ABSTRACT

While there is a view that much of what needs to be known about the practice of classic client-centred therapy was stated more or less completely in the works of Rogers and his colleagues published in the 1950s, this is probably held by a minority of people describing themselves as person-centred. For the most part, there is an acceptance that Rogers did not provide all the answers and a certainty that he did not address all the issues raised in and by the practice of counselling and psychotherapy in the modern world. More or less from the days of the Chicago Center, person-centred theory has been thought about and reflected on and modified in response. For example, Eugene Gendlin, one of Rogers’ leading colleagues and whose background was in philosophy, became more and more interested in how clients were facilitated to express, symbolise and articulate experience. From this interest flowed the development of focusing and thence (with other influences) experiential psychotherapy which many see as the second major branch to the person-centred family of therapies.
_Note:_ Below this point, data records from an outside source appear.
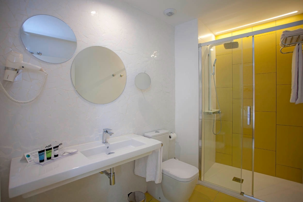 Siéntete como una estrella, y disfruta de una nueva dimensión, espacio para soñar desde 18,5m2, con mejores vistas y más servicios. Cuenta con wifi gratuito, baño completo con amenities VIP, smart TV 43", cafetera de cápsulas, minibar, caja fuerte, secador, sofá, planchador individual. Carta de almohadas y plancha del pelo disponibles en recepción.
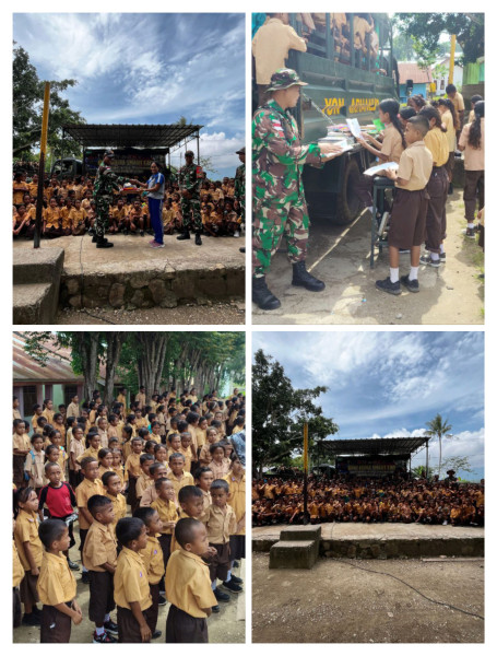 Kegiatan ini dihadiri oleh Kepala Sekolah, Ibu Erni Yosanti Tabun, S.Pd.SD, serta sejumlah pejabat Satgas, di antaranya Komandan SSK II, Kapten Arh Kasman Efendi, dan Perwira Seksi Teritorial, Lettu Arh Kharis Dwiyantoro, beserta staf teritorial dan anggota Pos Haumeniana.
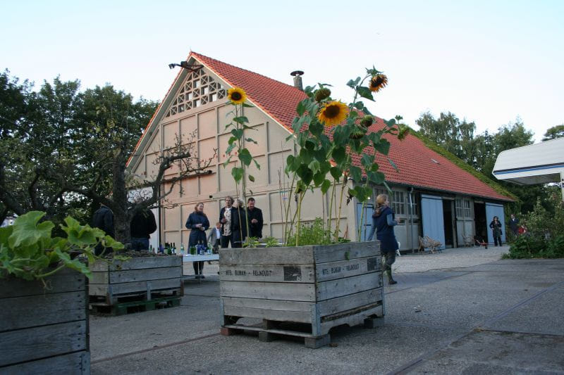De melk wordt in een kannetje gegoten en we stappen weer naar buiten, waar kippen, hanen en ganzen in loepzuiver namiddaglicht in het gras scharrelen. ‘Hebben we alles?’ De blauwe schort gaat af en aan tafel in de schuur zal het veelal gaan over ‘een positie innemen’ en ‘kritisch zijn zonder te oordelen’. De grote schuifdeuren blijven open en als er een roofvogel overvliegt, stelt hij terloops vast: ‘Dus daarom zijn de kippen onrustig.’
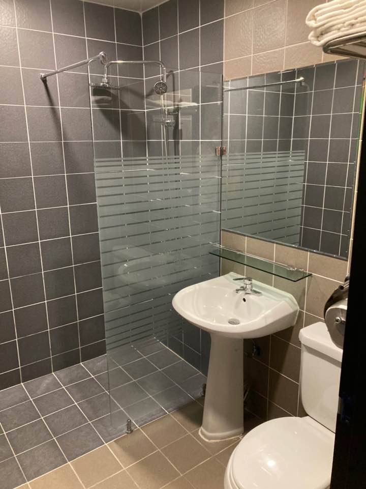 화장실도 ... 음... 나쁘지 않아요. 어두운 그레이 칼라의 타일로 적당히 무거운 분위기를 보이고 있었어요.
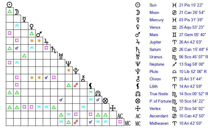 | Sun | 21 Pisces 15 | 21 Pisces 22 | 9 Taurus 29 |
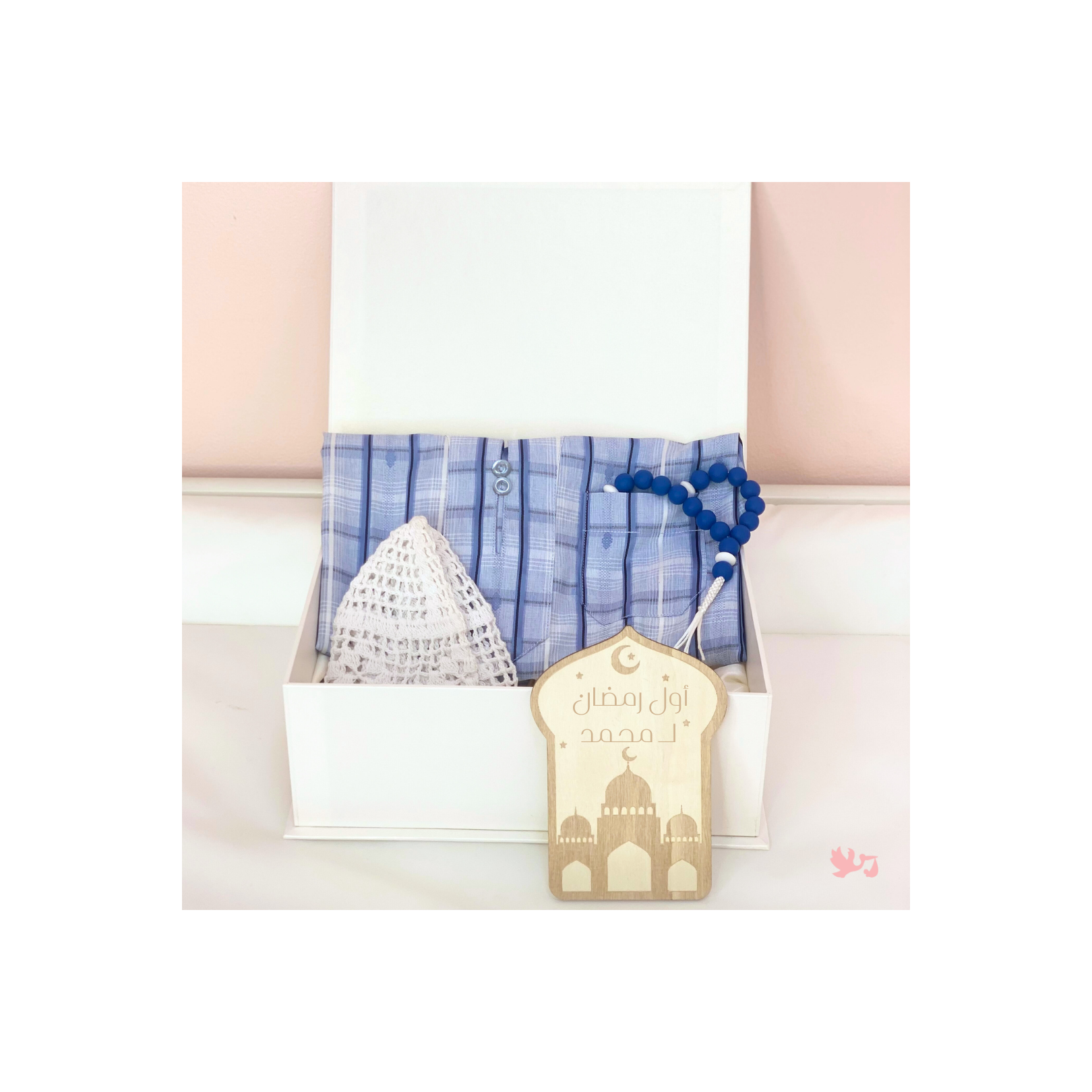 A beautifully curated Ramadan gift box designed to celebrate a baby’s first Ramadan with a traditional jalabiya and keepsake elements.
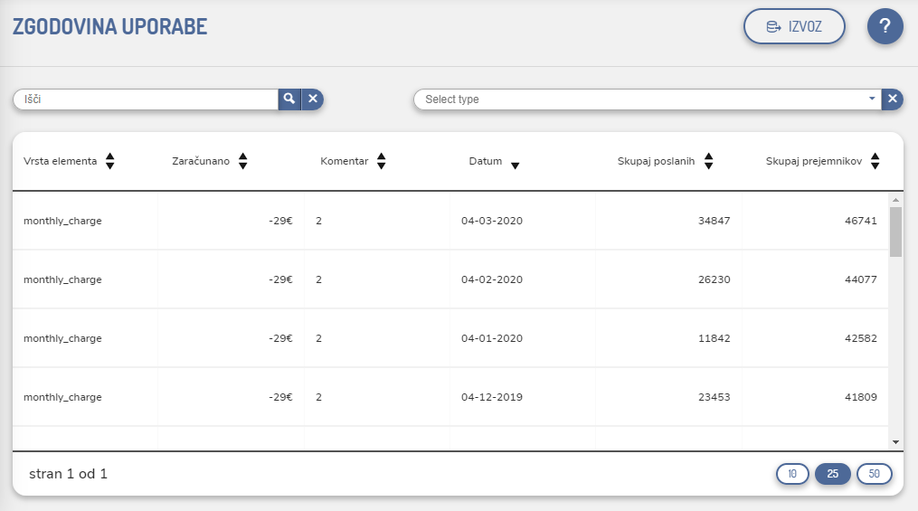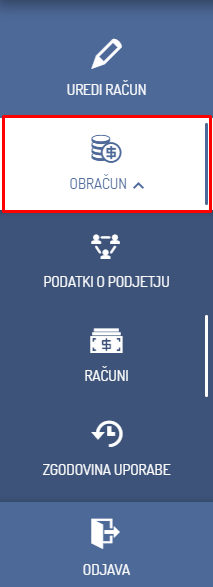 Tukaj lahko spremljate vse že izdane račune.
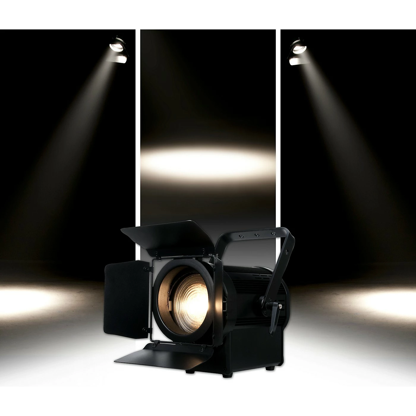 Part of the Encore stage lighting series, the Encore FR150Z lighting fixture is equipped with an 8 in. Fresnel lens and powered by a 130W LED engine. It produces a white wide, soft-edged beam for stage and theatre use at 3000K. It comes with barn doors to adjust the beam dispersion and a manual know to change the beam angle from 8 to 50 degrees. The Encore FR150Z has a 4-button LCD operational menu, 3-pin and 5-pin DMX In/Out and powerCON In/Out to daisy chain the power from one fixture to another.
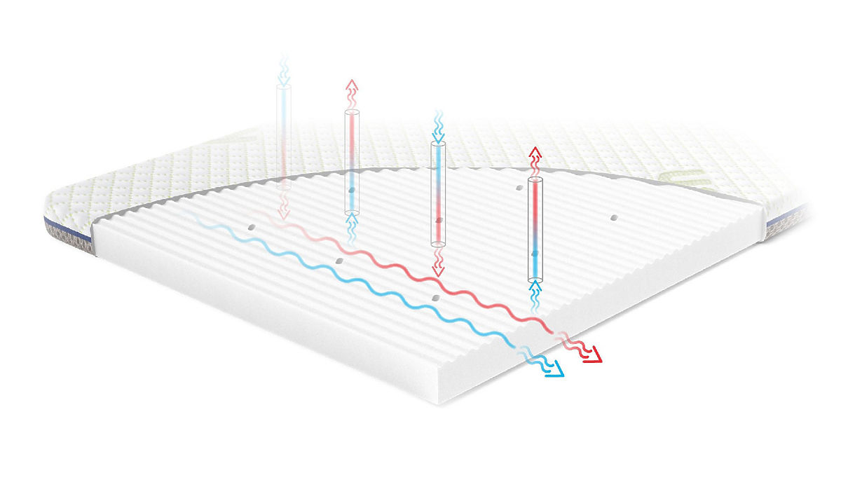 Der Bezug und die vertikalen und horizontalen Kanäle sind vollständig integriert - dadurch entsteht ein erweitertes Netz und die Matratze atmet.

Others also took the basic ideas of client-centred therapy in different directions. Notable amongst them was Laura Rice who incorporated some ideas from cognitive therapy traditions in her work. This led to an increased interest in the micro-processes of psychotherapy 72and ultimately to a way of doing and understanding psychotherapy which is sometimes called process-experiential therapy and the notion that those therapists in the broader person-centred tradition are process experts. This process of review, revision and expansion continues with, for example, the move into ‘Emotional-Focused Therapy’ as a derivative of the process-experiential strand (see Elliott et al. 2004b).